Poll members not stable after failover

Hi,
Our setup:
- two vcmp guests in HA (viprion with two blades)
- ~10 partitions
- simple configuration with LTM, AFM. nodes directly connected to f5 device (f5 device is default gw for nodes).
- sw 16.1.3.3, after upgrade 16.1.4
^^ this setup in two data centers. 

We are hitting interesting behaviour in first data center only:
- second f5 guest is active: pool members monitors (http and https) respond without problem. everything is stable. this is valid for both f5 devices in HA.
- after failover (first f5 guest is active): pool members response is not stable (not stable for https monitor, http is stable again). sometimes are all pool members down, then virtual server is going down. 
^^ it looks like a problem on node side, but it's not, because when second f5 device is active, everything is stable.

This issue is hitting almost all partitions. We checked:
- physical interface: everything is stable, no error on ports, ether-channels (trunks).
- arp records: everything looks correct, no mac flapping
- spanning tree: stable in environment
- routing: correct, default gw on node side: correct, subnet mask: correct on nodes and both f5 devices. floating addresses is working correctly (including arp in network)
- log on f5 devices: without any issue connected to this behaviour.

I don't know what else connected to this issue we can check.

Configuration for all f5 devices (2x dc1, 2x dc2 - two independed ha pairs) is the same (configured with automation), sw version is the same (we did upgrade to 16.1.4 two days ago). It looks that someting is "blocked" on first f5 device in dc1 (reboot or upgrade is not solving our issue).

Do you have any idea what else to check?

2 Replies

  • Hi mkyrc , 

    try to capture the https monitor traffic in vCMP guest 1 which senses this flapping. 

    take pcap at the flapping time and look at time interval in each request form bigip self ip address to server nodes specially with https , this will help to detect if bigip has issues with monitor traffic or not ? 

    also check if you increased the monitor check interval to 10 instead of 5 & timeout 31 instead of 16. 
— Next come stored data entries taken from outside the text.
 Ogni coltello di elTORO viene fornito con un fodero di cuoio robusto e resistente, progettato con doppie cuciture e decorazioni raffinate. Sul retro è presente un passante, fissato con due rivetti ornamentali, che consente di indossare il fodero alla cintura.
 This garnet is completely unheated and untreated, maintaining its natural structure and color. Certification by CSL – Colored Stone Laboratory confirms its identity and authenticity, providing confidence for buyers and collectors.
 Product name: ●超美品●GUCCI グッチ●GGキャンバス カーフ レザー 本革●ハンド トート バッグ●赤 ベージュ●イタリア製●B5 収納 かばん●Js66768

    and see the behavior , maybe there are issues in server side for the first bigip and feels some delay from servers. 

    anyway , test that , it will be good starting point  

    • mkyrc's avatar
      mkyrc
      Icon for Cirrus rankCirrus

      Hi Mohamed_Ahmed_Kansoh,
      All this I did, but no success. I discussed with application team and I think, we moved a bit forward.

      Situation:
      1. f5 devices (both) are monitoring directly connected server (pool members). This is FLOW1. Here is no problem, depending on which device is active.
      2. I found out that the server is establishing a new connection (FLOW2), to other system located in different subnet. Our server has default GW to f5 devices (his float ip address). i think, the issue is connected to this FLOW2 connection.

      Reason of the problem:
      - when active device is f5-02, FLOW2 is routed (virtual server 0.0.0.0/0 FastL4) correctly. no problem here.
      - when f5-01 is active, FLOW2 is going to f5-01 (because float ip (default gw) is moved here), and servers have a problem contacting other system located in different subnet in data center. the connection is very often interrupted.
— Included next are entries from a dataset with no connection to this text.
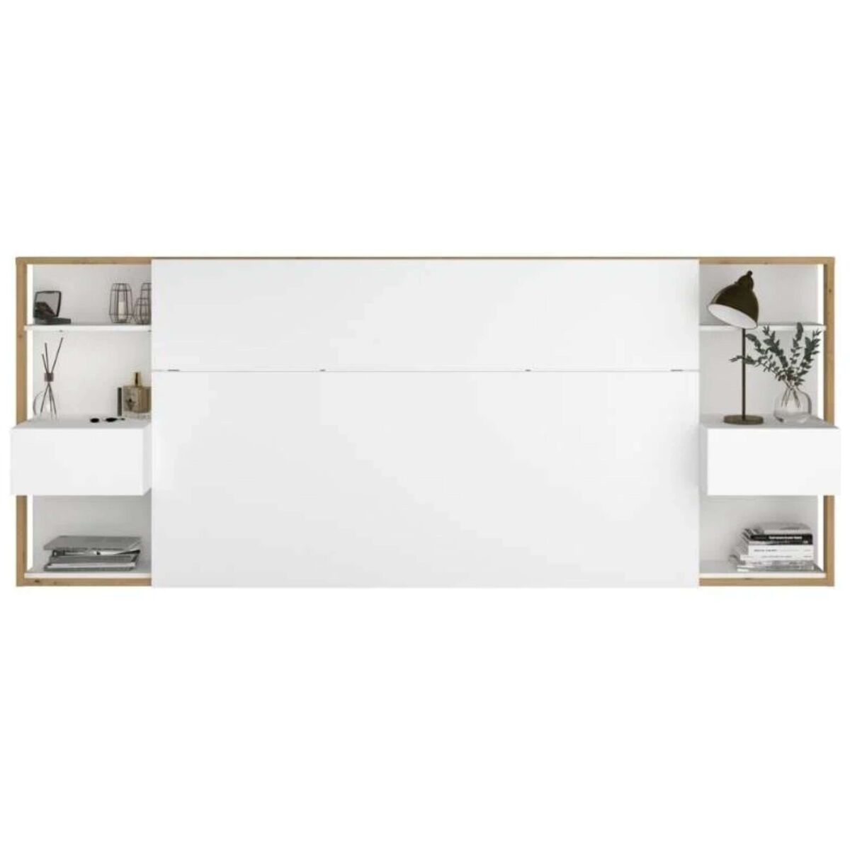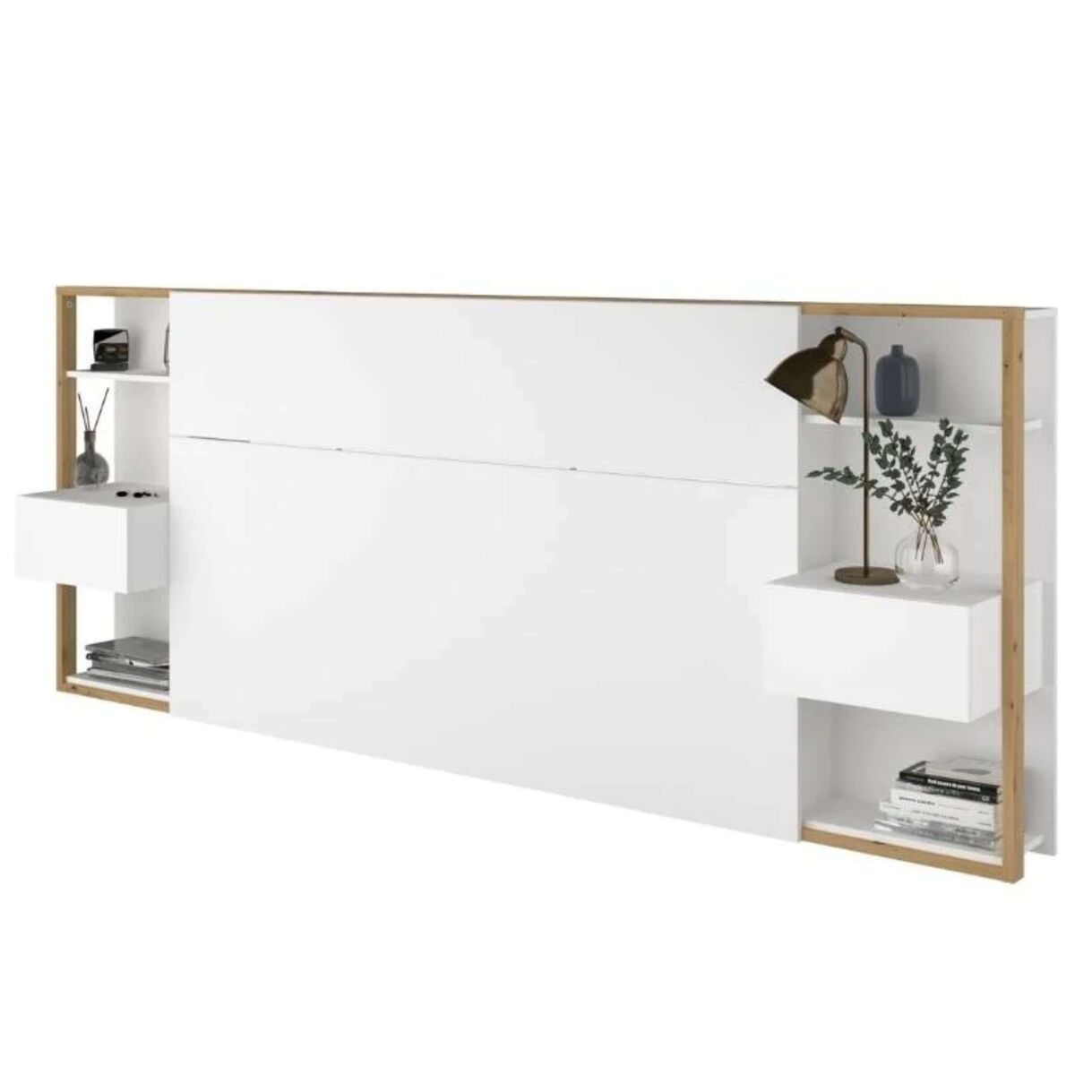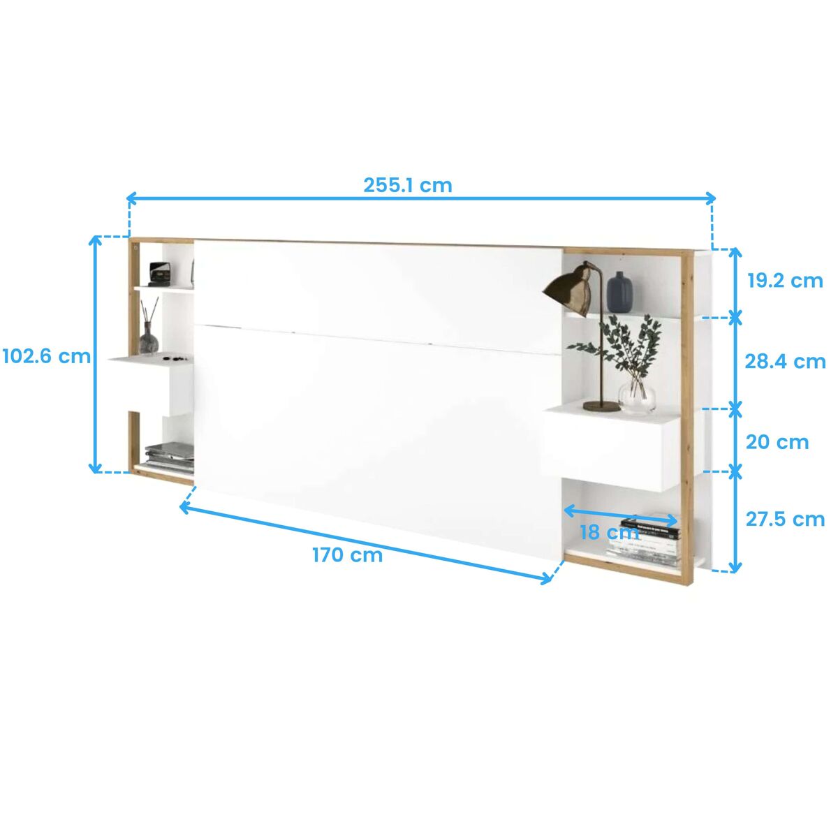 Cabecero cama de matrimonio Line acabado en color blanco con los bordes roble Artisan, un mueble completo y funcional para el dormitorio. Este cabecero es compatible con camas de 150 cm y ofrece una buena capacidad de almacenaje, ya que incluye varios compartimentos. ¡Completa tu dormitorio de matrimonio con el cabecero Line! Cabecero de estilo nórdico fabricado en melamina de alta calidad. En su estructura incorpora dos cajones con guías de rodillos y amortiguadores, los cuáles podrás utilizar como mesitas de noche, y tres huecos en cada lateral para que coloques aquellos objetos que necesites tener a mano cuando estés en la cama. No se incluyen la cama, el resto de muebles ni los objetos decorativos de las imágenes.Medidas: Cabecero Alto 103 cm Ancho 255 cm Profundo 36 cm Profundo del cajón 29 cm. Profundo hueco grande 33 cm. Profundo hueco pequeño 18 cm. Se trata de mobiliario con kit de montaje, que incluye manual de instrucciones y tornillería.
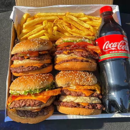 Combo especial com 4 burgers deliciosos feitos na hora. Escolha o lanche que preferir! Acompanhado de porção de batata frita, molhos especiais e Coca Cola 600ml geladíssima! Lanche Ideal para 04 pessoas.
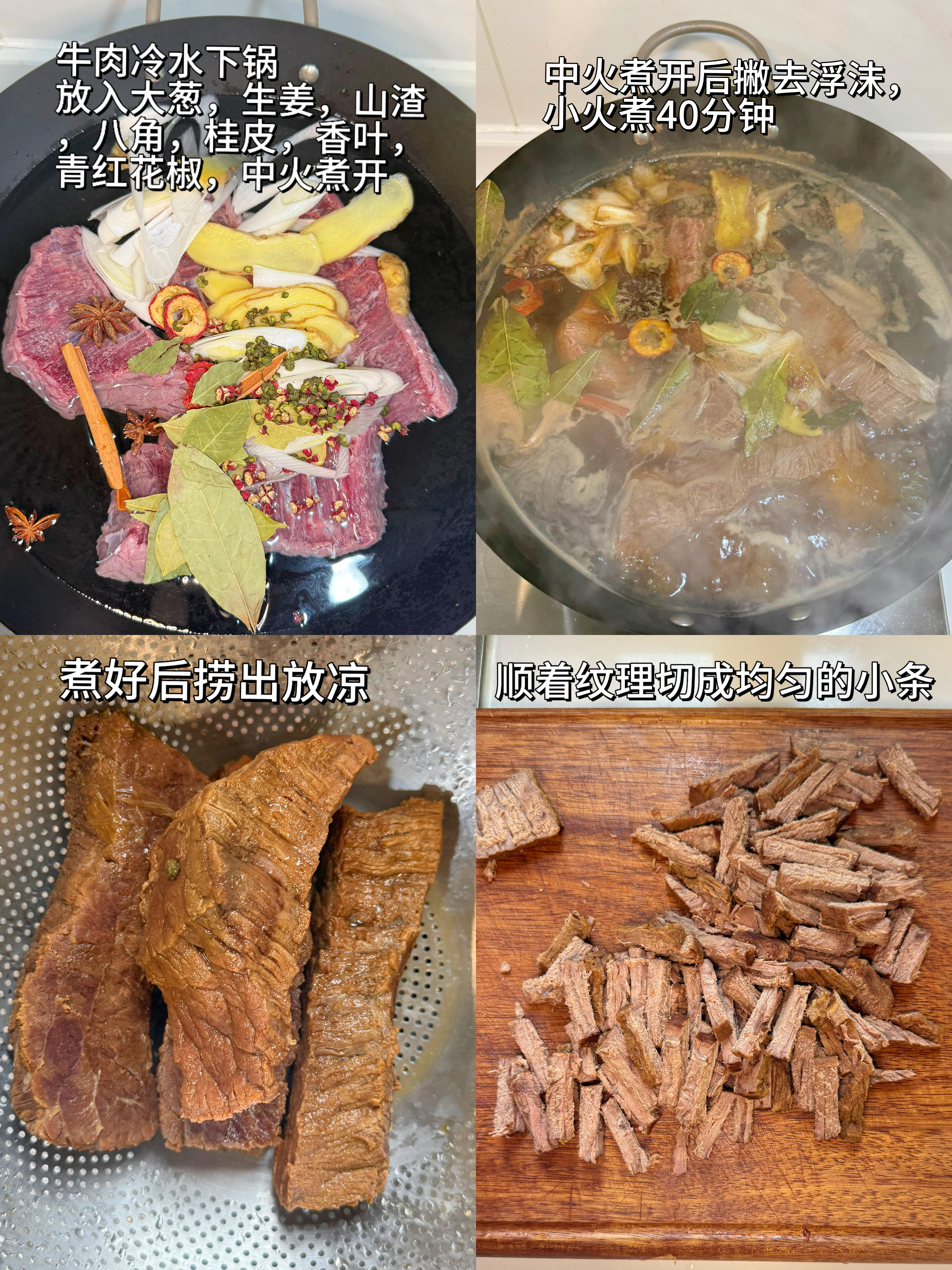 3. 牛肉煮好后,捞出放在一边放凉,一定要凉透后,顺着牛肉的纹理切成细小的条状,这样切出来的牛肉更有嚼劲,不容易散

      There is a no problem of moving float IPs between f5-02 and f5-02, no problem with arp records (a neighbors learned correct MAC addresses), f5 devices accept FLOW2 traffic (AFM rule is allowing all trafic sourced from server IP addresses to 'any'), also return traffic is routed correctly (to float address located on 'outside' of the f5 devices).
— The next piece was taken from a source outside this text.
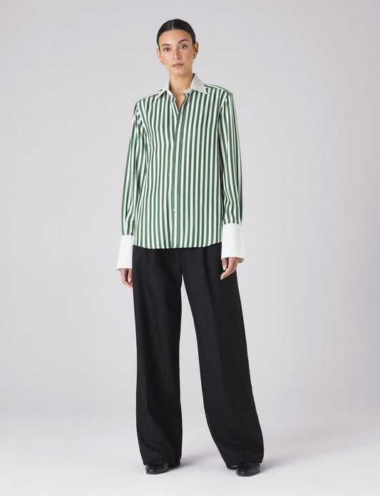 Boyfriend Exaggerated Cuff Tencel Button Down Shirt in Forest Green Stripe
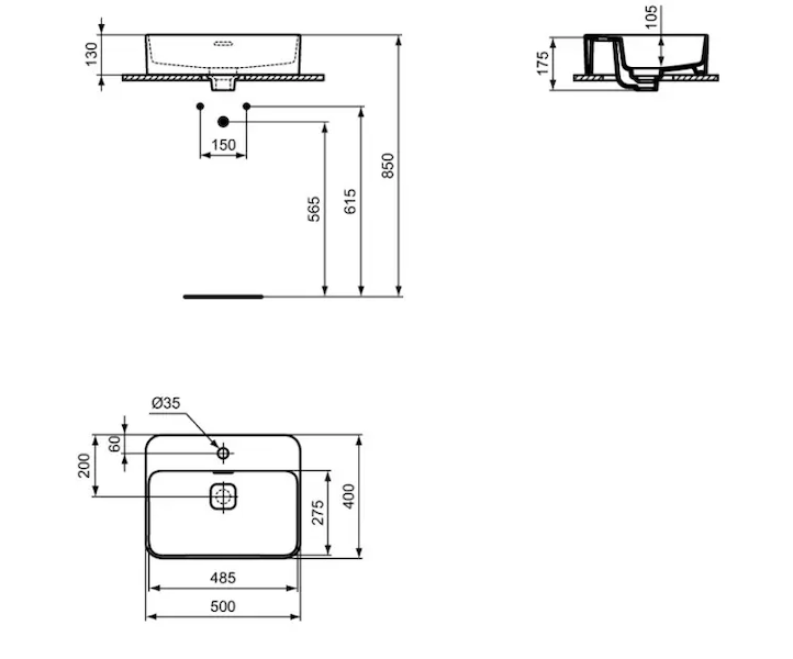 Umyvadlo na desku s otvorem pro baterii uprostřed

      During other maintenance window, I will check:
      - tcpdump in front and behind f5-01 if the packets are going correctly
      - prepare logging afm rule
      - cpu usage on f5-01
      - there is no network issue (packet drops on physical layer, checked last time)
      - /var/log/ltm is without issue (checked last time)
      - what else can I check? any idea?